The late 2000s saw grime flounder and almost tail off altogether. People moved on with their lives, or switched to making electro-pop or rap (Skepta, Tinchy Stryder and Tinie Tempah), where they could actually get played on mainstream radio and have some hits, while some DJs started focusing more on dubstep (Plastician) or house (Perempay, Jon E Cash), where they could secure some live bookings. But for a few true believers, an epiphany was just around the corner.

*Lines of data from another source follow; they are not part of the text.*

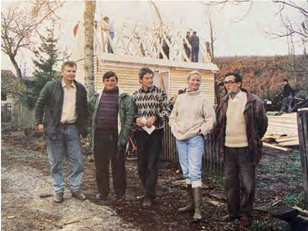
The first BhB house was constructed in Petrinja in 1991.

After 30 years of aid in Croatia, Bosnia and Kosovo, we return to the place where everything began 30 years ago – to Petrinja in Croatia.
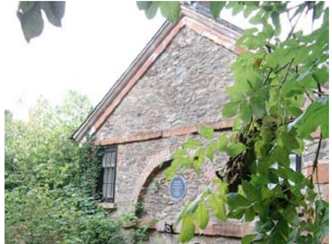
Fig 7. Drumbeg lock-keepers house
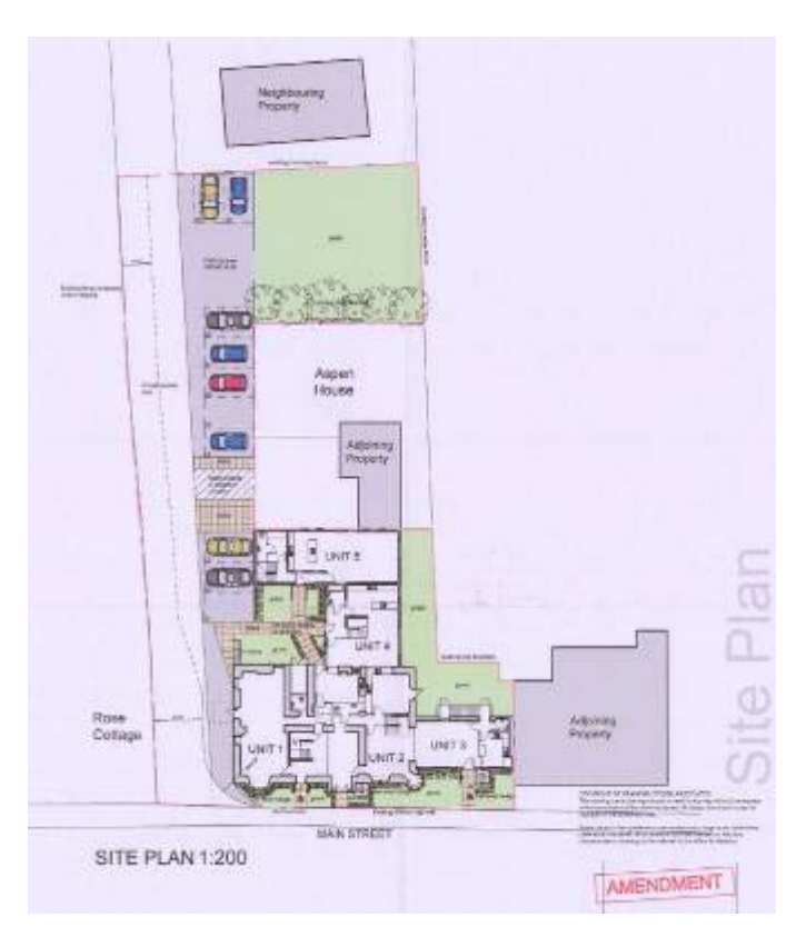
Fig.5. Amended Layout Plan

3. The proposal is to convert the former hotel into 5 residential units consisting of 4 no. 3 bedroom and 1 no. 2 bedroom units. The properties will be for the market. There will be 3 units formed in the original building and two units formed in the extensions. Externally, there will only be a few alterations, including the removal of some adjoining outbuildings and an external staircase, and the formation of some new porches, and doorway and window openings. The only change to the front elevation is the erection of a new porch and doorway to provide an entrance to one of the new residential units. The original proposal included the provision of 10 parking spaces aligned along the mutual access road and the erection of 5 double garages in an "L"- shaped building on the former parking area to the rear. Following discussions with the applicant's agent, this has been formally amended to remove the garaging, use the former parking area for a landscaped amenity area, thus retaining trees, rearrange the 10 parking spaces, create some footpath provision adjacent to the mutual access road and provide an additional landscaped entrance courtyard area to the 2 residential units in the extensions to the rear. Vehicular access to the parking courtyard of "Aspen House" is retained.
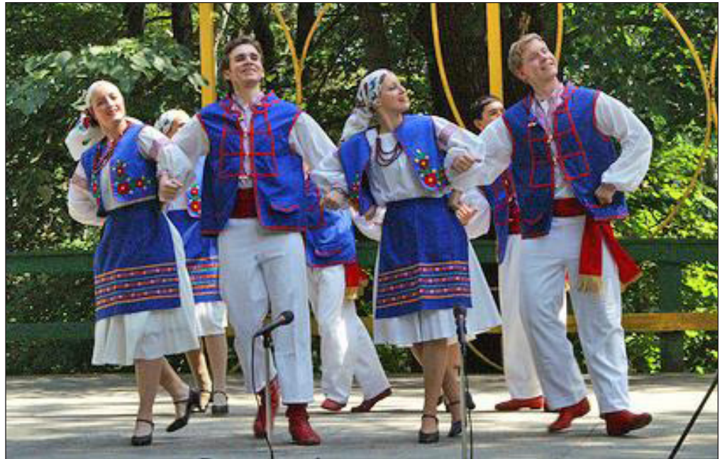
Kazka Dance Ensemble

Home-made Ukrainian and Slavic foods, including holubtsi-halupki, halushki, pyrohy, kobasa-kielbasi, bleepies, sausage, Lemko platters,
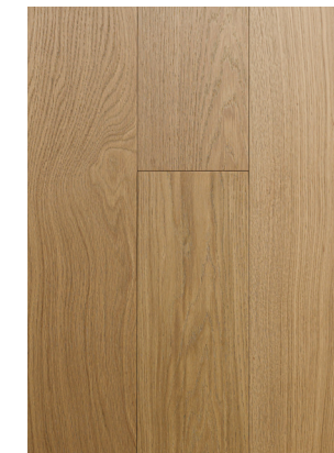
Mirage Oak | French
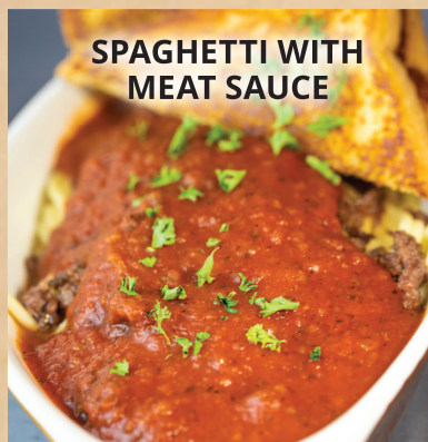
SPAGHETTI WITH MEAT SAUCE

Two grilled boneless chicken breasts topped with bacon, melted Swiss, onions & diced tomatoes $10.75

Artists like Lethal Bizzle had tried collaborating with rock bands and playing rock festivals, but as soon as the internet offered him the opportunity to be more true to himself, he seized upon it, using social media to connect straight with his fans and rediscovering the spirit of his 2004 hit (and grime anthem) “Pow!” He would become a pioneer of this new, social media-enabled independence, building up a huge following via platforms like Snapchat and selling his Dench clothing line (and his records) without major label support.
Grime’s renaissance started as a slow trickle but became a flood after 2014, when Skepta’s seminal track “That’s Not Me” was released. After several years of making Ibiza-inflected electro pop, it was a kind of public epiphany bordering on a confession: Skepta realised this wasn’t the music that made him pick up a mic in the first place, and it wasn’t making him happy. While the track garnered a huge public reception, it was the “That’s Not Me (All-Star Remix)” which really captured grime’s lost (and much missed) spirit: six MCs from different crews, each with their own unique but equally devastating styles, passing the mic for the most exhilarating quick-fire lyrical showdown you could imagine.
“That’s Not Me” marked the crest of a new wave that would sweep all before it. The last two years have seen the emergence of new artists who were still in primary school when Dizzee Rascal won the Mercury Prize, MCs who know their history but have taken the style to entirely new heights. Alongside the likes of AJ Tracey, Jammz, Big Zuu and their more rap-orientated brethren Dave, J Hus and Krept and Konan, you have the most obvious avatar for the grime renaissance, 23-year-old Stormzy, who has clocked 45 million YouTube views with a casually delivered freestyle in a local park, the glorious “Shut Up” (delivered over a classic 2004 instrumental, “Functions on the Low”).
For a long time grime has been pronounced dead by snide media commentators – and even, after a while, by the people who made it thrive the first time. There’s no shame in that – music and people will always move on – but all the pronouncements of grime’s demise turned out to be premature. As Stormzy said on his 2015 breakthrough track “Know Me From”: “If grime’s dead then how am I here?”